# muay thai good for multiple opponents?



## Hamza

Can muay thai be used for multiple people?  Please give a detailed answer with reasons. Say for example 10 people and your a master in muay thai but the 10 people are just street guys with not much fighting experience


----------



## K-man

I would suggest that Muay Thai would be as effective as any high level martial art, but once you introduce multiple attackers the dynamics change. To expect any martial art to deliver you from ten committed attackers is a huge ask. Even taking on ten attackers sequentially would be difficult and a situation where you are being attacked by several attackers simultaneously becomes nightmare material. :asian:


----------



## Hamza

Hahahaha it would be a nightmare for sure  I read this article in which a guy beat up 20 people and the story ain't fake


----------



## Cyriacus

The 10 guys wont fight you. Theyll just beat you down. I can provide you with videos of groups of 3-5, sometimes more sometimes less people just going in with their 'untrained' ways and the recipient not standing a snowballs chance in hell. Of course it can be done, but that has less to do with martial training and more to do with either retreat, or the 'attackers' sucking at the whole attacking thing. A year ago there was this popular video of some asian guy being gang bashed in an alley, who could still walk and talk at the end of it. I didnt even see any blood drawn. In that kinda situation, there could have been triple the attackers and it still wouldnt have been too hard for a trained or untrained person who was willing to fight their way out of it. So why do you figure they picked someone they knew wouldnt.


----------



## Hamza

I think if you were jumped up by some guys you might fight better with a martial art than no martial art. I read this article of a guy fighting with 20 people and beating them up and this story ain't fake


----------



## Cyriacus

Hamza said:


> I think if you were jumped up by some guys you might fight better with a martial art than no martial art. I read this article of a guy fighting with 20 people and beating them up and this story ain't fake


Not necessarily - Training for a one on one mutual fight with footwork, timing, distance, gear, lack of aggression, without weapons, and all the other things that make up most Martial Arts including Muay Thai, is not terrifically helpful against a group.


----------



## Mauthos

IP man challenged 10 men at once, destroyed them all, it's on film so it must be true


----------



## Hamza

Good point Cyriacus so I guess it depends on the guys training after learning the martial art. He should increase speed, power, better foot work and more energy so he doesn't tire out. With all these he might just make it


----------



## Hamza

Lol wish I could do that  but the fact its a movie means it was mostly fake


----------



## Cyriacus

Hamza said:


> Good point Cyriacus so I guess it depends on the guys training after learning the martial art. He should increase speed, power, better foot work and more energy so he doesn't tire out. With all these he might just make it



Not exactly. Go punch the air hard and fast - You can do it for ages, right? It aint hitting that tires you out, its adrenalin, being hit, not being able to breathe as much as you should, and how suprisingly exhausting to your arms it is to hit another person as hard as you can. Speed, power, hes already got that. Everyone does if they let themselves use it.
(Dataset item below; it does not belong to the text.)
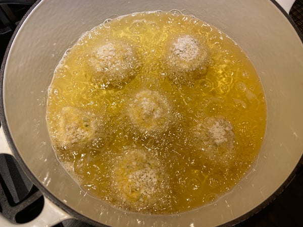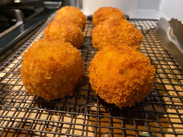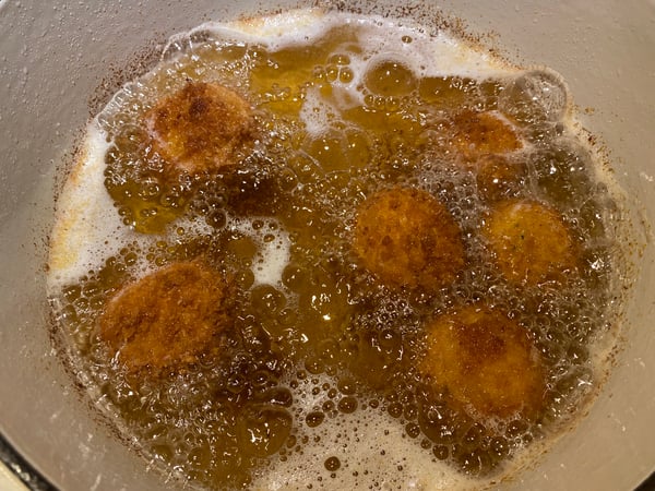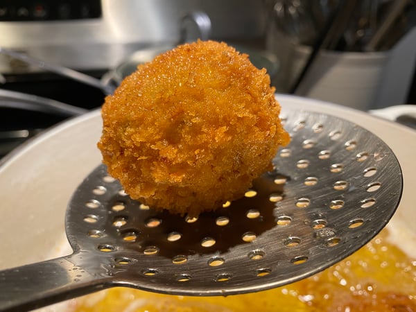 Fry the fritters, turning once during the process, until the breadcrumbs are golden brown. Transfer the arancini to your landing pad, and continue to fry.
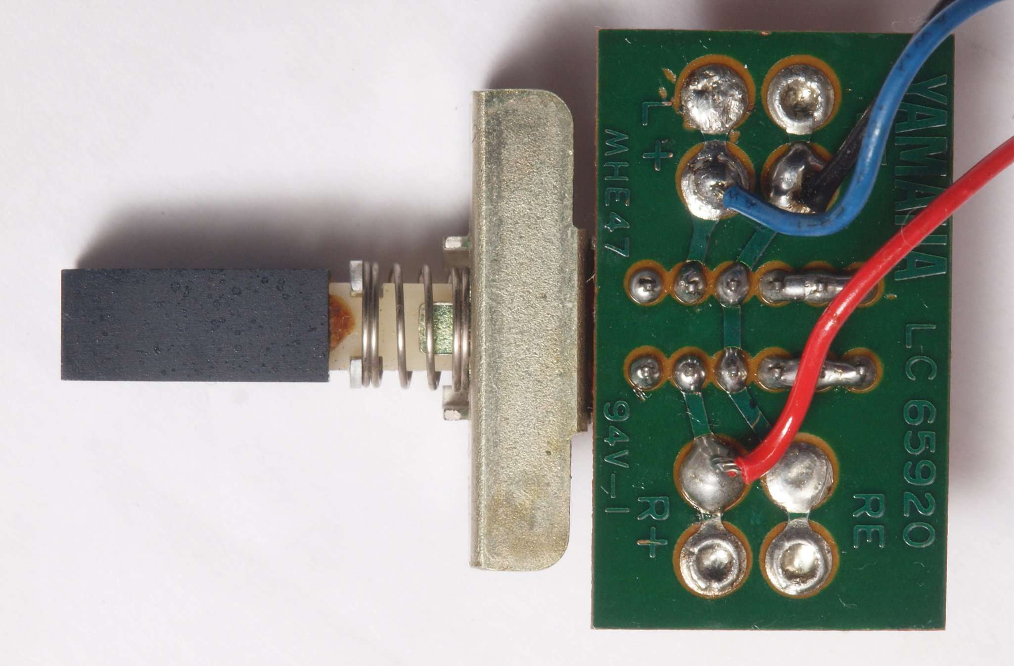 C63.修理前 LoudnessAMP基板裏、強力な接点復活材使用で、基板の銅箔に腐食が見られます。

To be clear, lets try this a different way. If you and ten of your mates are going to grab some stuff and go beat someone, do you give a damn about their silly Muay Thai? Intellectually you already know this. 

It sounds like youre looking at this as far as getting someone able to increase their chances of surviving something. Heres the best way to survive a 'fight': De-escalate, Escape, Evade. If you really just wanna go in all macho nonsense (not you specifically), then just do it. Youll end up flailing, so why waste money on sports training first.


----------



## Hamza

Cyriacus said:


> Not exactly. Go punch the air hard and fast - You can do it for ages, right? It aint hitting that tires you out, its adrenalin, being hit, not being able to breathe as much as you should, and how suprisingly exhausting to your arms it is to hit another person as hard as you can. Speed, power, hes already got that. Everyone does if they let themselves use it.
> 
> To be clear, lets try this a different way. If you and ten of your mates are going to grab some stuff and go beat someone, do you give a damn about their silly Muay Thai? Intellectually you already know this.
> 
> It sounds like youre looking at this as far as getting someone able to increase their chances of surviving something. Heres the best way to survive a 'fight': De-escalate, Escape, Evade. If you really just wanna go in all macho nonsense (not you specifically), then just do it. Youll end up flailing, so why waste money on sports training first.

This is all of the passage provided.